After the loss of 10 million American lives in the Three-Mile Island calamity in 1979, the death of two billion in the Chernobyl holocaust

After the loss of 10 million American lives in the Three-Mile Island calamity in 1979, the death of two billion in the Chernobyl holocaust in 1986, and now the abandonment of all of northern Japan following the death of millions in last year’s Fukushima nuclear catastrophe, it is hardly surprising that the world’s biggest users of nuclear power are shutting their plants down.

Oh, wait a minute — This just in! Nobody died in the Three-Mile Island calamity, 28 plant workers were killed and 15 other people subsequently died of thyroid cancer in the Chernobyl holocaust, and nobody died in the Fukushima catastrophe. But they really are shutting their nuclear plants down.

They have already shut them down in Japan. All of the country’s 50 nuclear reactors were closed for safety checks after the tsunami damaged the Fukushima plant, and only two have reopened so far. The government has now promised to close every nuclear power plant in Japan permanently by 2040.

The new Japanese plan says that the country will replace nuclear energy with an eightfold increase in renewable energy (wind, solar, etc.), and “the development of sustainable ways to use fossil fuels.” But going from four per cent to 30 per cent renewables in the energy mix will take decades, and nobody has yet found an economically sustainable way to sequester the greenhouse gas emissions from burning fossil fuels.

The truth is that as the Arctic sea ice melts and grain harvests are devastated by heat waves and drought, the world’s third-largest user of nuclear energy has decided to go back to emitting lots and lots of carbon dioxide.

In Germany, Chancellor Angela Merkel has promised to close all the country’s nuclear reactors by 2022. She also promised to replace them with renewable power sources, of course, but the reality will be that the country burns more fossil fuels.

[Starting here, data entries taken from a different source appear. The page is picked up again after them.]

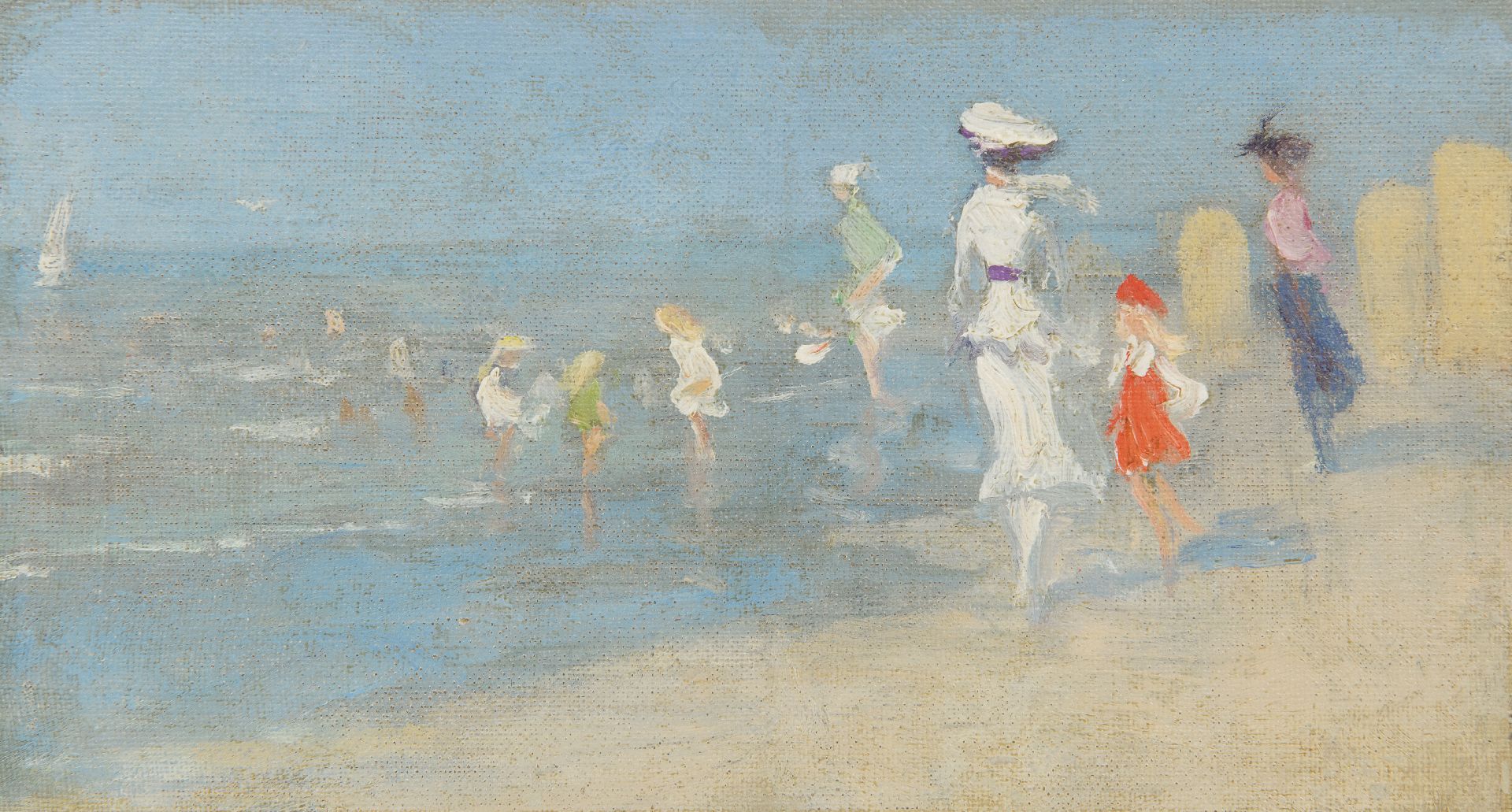 Hendrik Steenwijk kunstwerk • schilderij • voorheen te koop Strandgezicht met badgasten
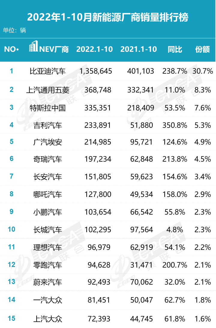 据乘联会发布的2022年1-10月新能源厂商销量排行显示,比亚迪销量“碾压”一众车企。将排名前列的造车新势力,理想、蔚来、小鹏、哪吒、零跑等加在一起的销量,都难以超越比亚迪的成绩。
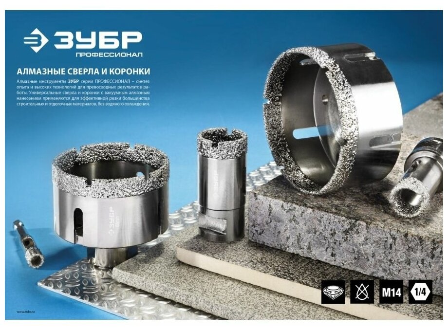 ZUBR Ø 54 mm, VVS, M14, diamond, universal crown 29865-54 Professional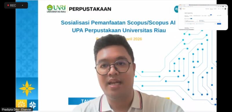Unrinews. Universitas Riau (Unri) melalui Unit Penunjang Akademik (UPA) Perpustakaan selenggarakan Sosialisasi Pemanfaatan Scopus, Selasa (28/4/2026) secara daring. Kegiatan ini diikuti oleh ratusan peserta dari kalangan dosen, tenaga kependidikan, dan mahasiswa di lingkungan Unri. Sosialisasi ini merupakan bagian dari upaya Unri dalam meningkatkan visibilitas dan reputasi global institusi, sekaligus mendukung pemetaan riset serta analisis kompetitif...Read More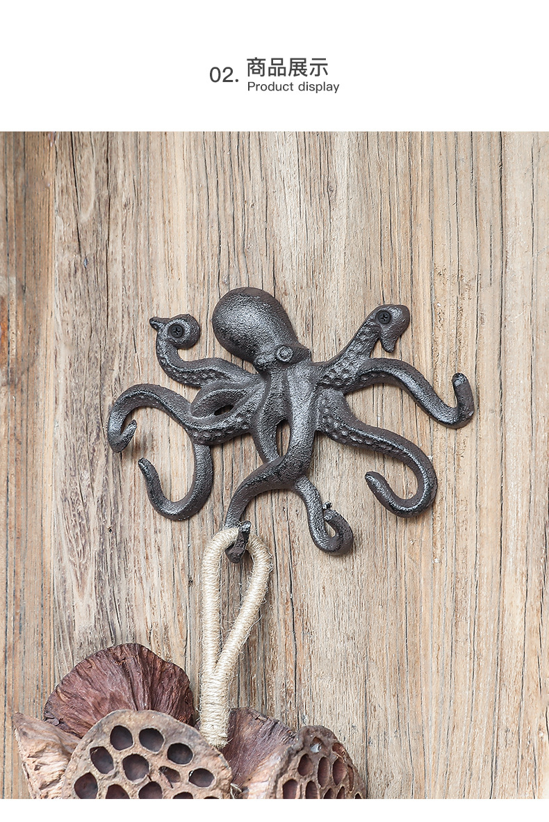 アメリカンレトロ鉄芸タコフック創意鋳鉄トイレ玄関フック壁掛けフックバー装飾品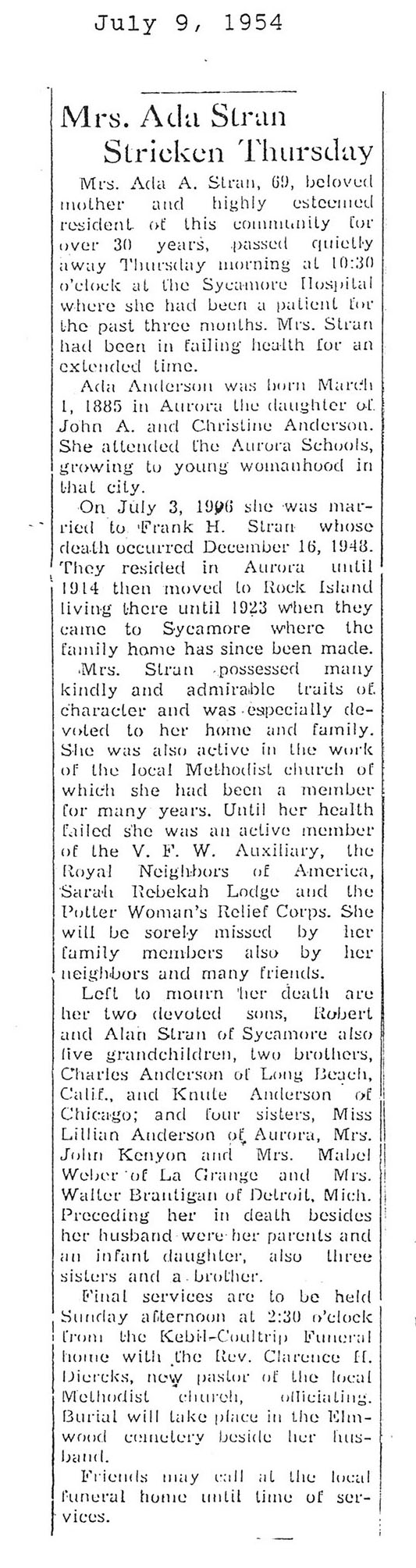 Obit has 2 names Fred & Ray Strock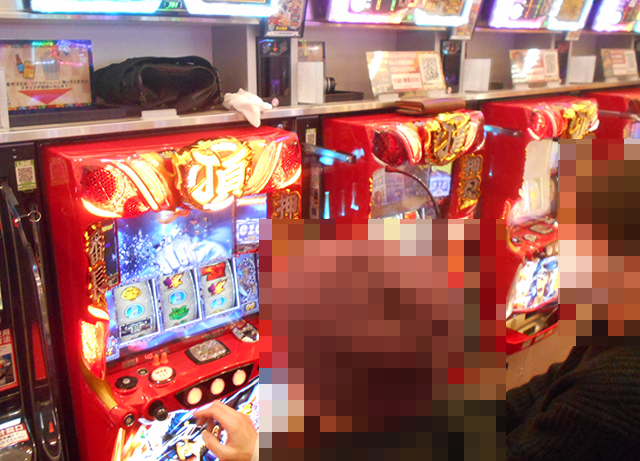 にぎやかなパチスロコーナーをまわっていると、「HEY!エリートサラリーマン鏡」でうれしそうに遊技をおこなっているプレイヤーを目撃!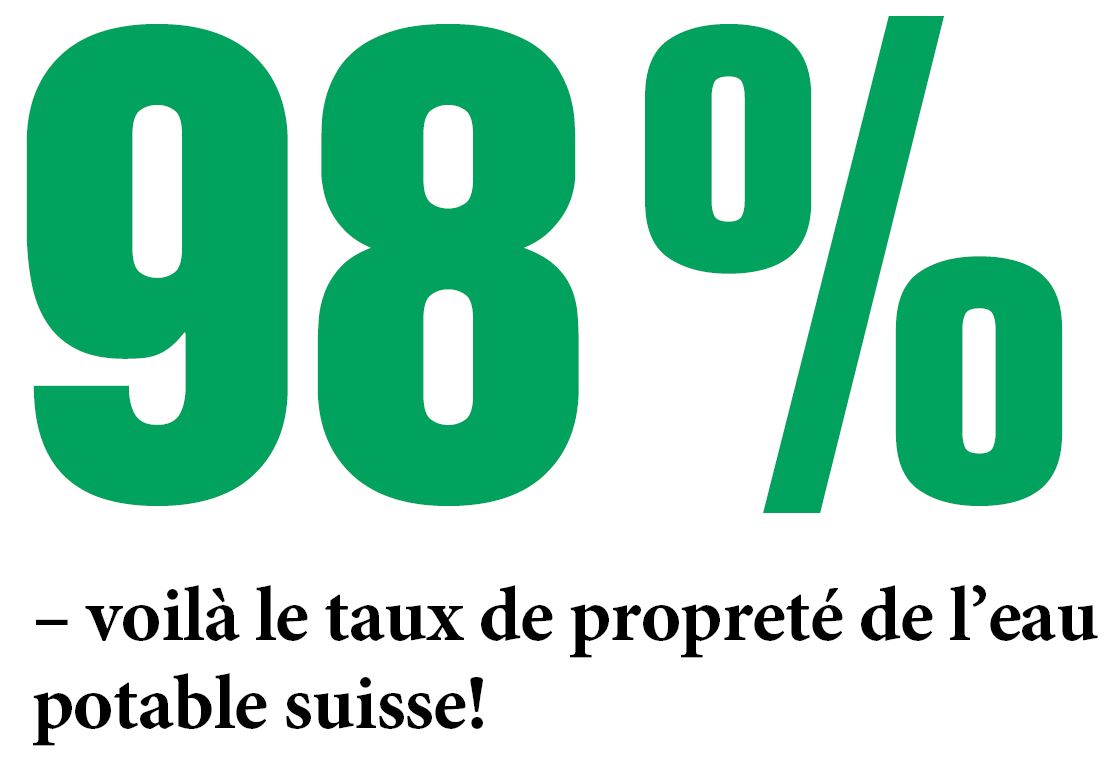 - la qualité de l’eau potable suisse est excellente. On peut boire l’eau du robinet sans aucun risque pour la santé. 98% des points de mesure des nappes phréatiques affichent des résultats qui respectent la valeur limite de 0,0000001 gramme par litre (!) et par substance-trace. Des plans d’action sont en préparation ou en cours pour réduire encore ces impuretés. Par exemple, 51 mesures sont prévues dans le domaine phytosanitaire.
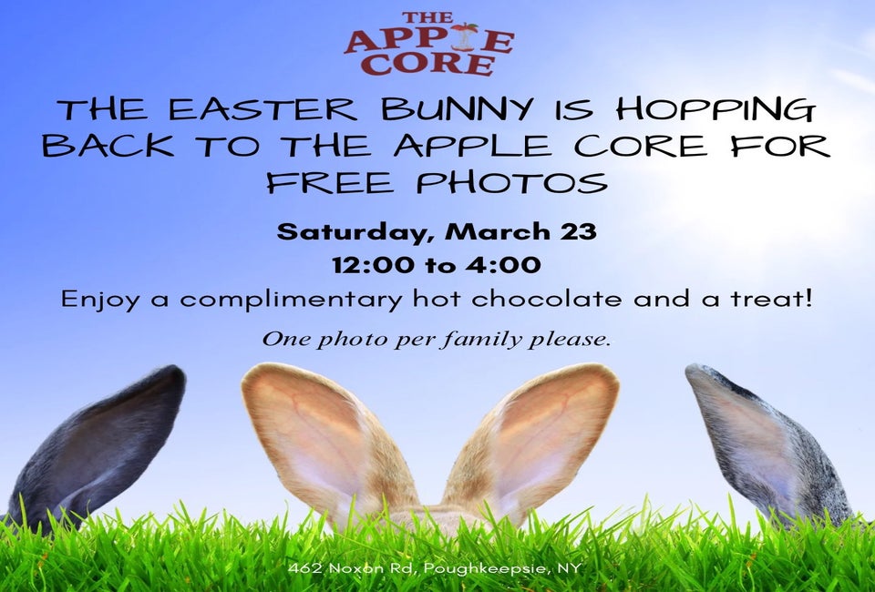 Stop by the farm market at the Apple Core by Barton Orchards to enjoy Easter Bunny pictures. Bring your own camera to snap a photo and enjoy complimentary hot chocolate and an Easter treat.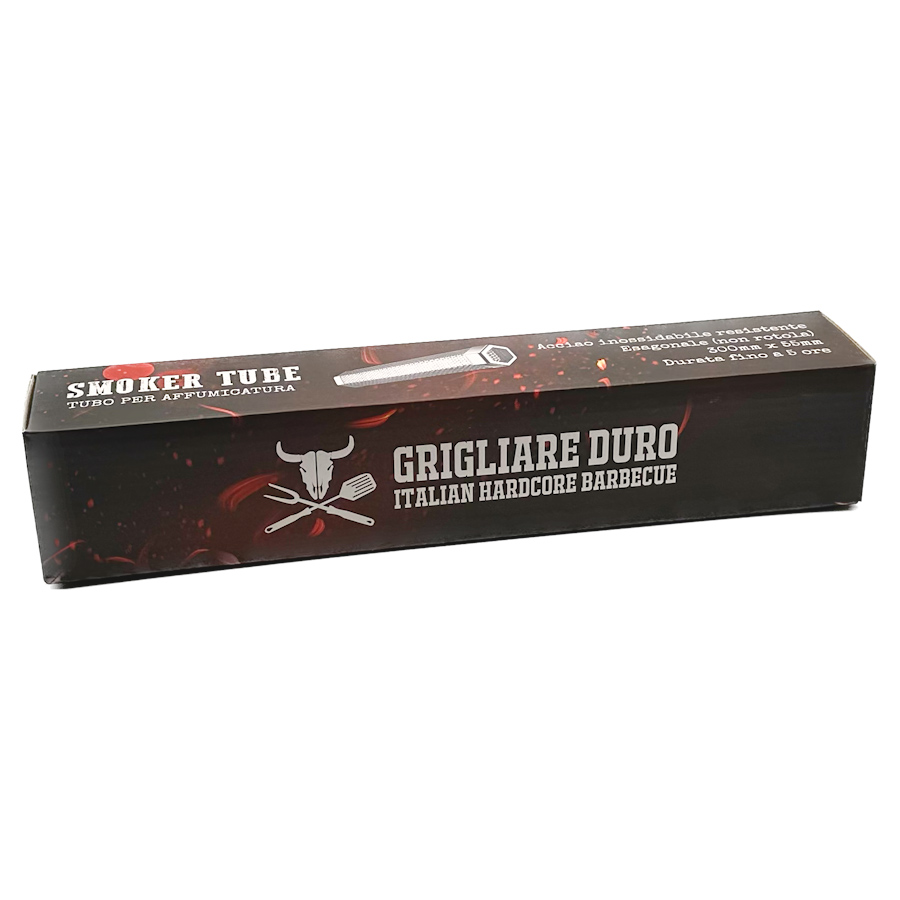 Il nostro Tubo affumicatore e’ in acciao inox, lavabile in lavastoviglie e perfetto per affumicare pellets o chips nel tuo barbecue.

Even France, which has taken 80 per cent of its energy from nuclear power for decades with no problems, is joining the panic. President Francois Hollande’s new government has promised to lower the country’s dependence on nuclear energy to 50 per cent of the national energy mix.

He had to do it, even though closing down the nuclear plants will lead to a sharp rise in greenhouse gas emissions in precisely the period when the race to cut emissions and avoid a rise in average global temperature of more than two degrees C will be won or lost. Nuclear energy is a kind of witchcraft, and the public is frightened.

Fortunately, their superstitious fears are largely absent in more sophisticated parts of the world. Only four new nuclear reactors are under construction in the European Union, and only one in the United States, but there are 61 being built elsewhere. Over two-thirds of them are being built in the BRICs (Brazil, Russia, India and China), where economies are growing fast and governments are increasingly concerned about both pollution and climate change.

But it’s not enough to outweigh the closure of so many nuclear plants in the developed world: the price of nuclear fuel has collapsed in the last four years, and uranium mine openings and expansions have been cancelled.

More people die from coal pollution each day than have been killed by 50 years of nuclear power operations – and that’s just from lung disease. If you include future deaths from global warming due to burning fossil fuels, closing down nuclear power stations is sheer madness.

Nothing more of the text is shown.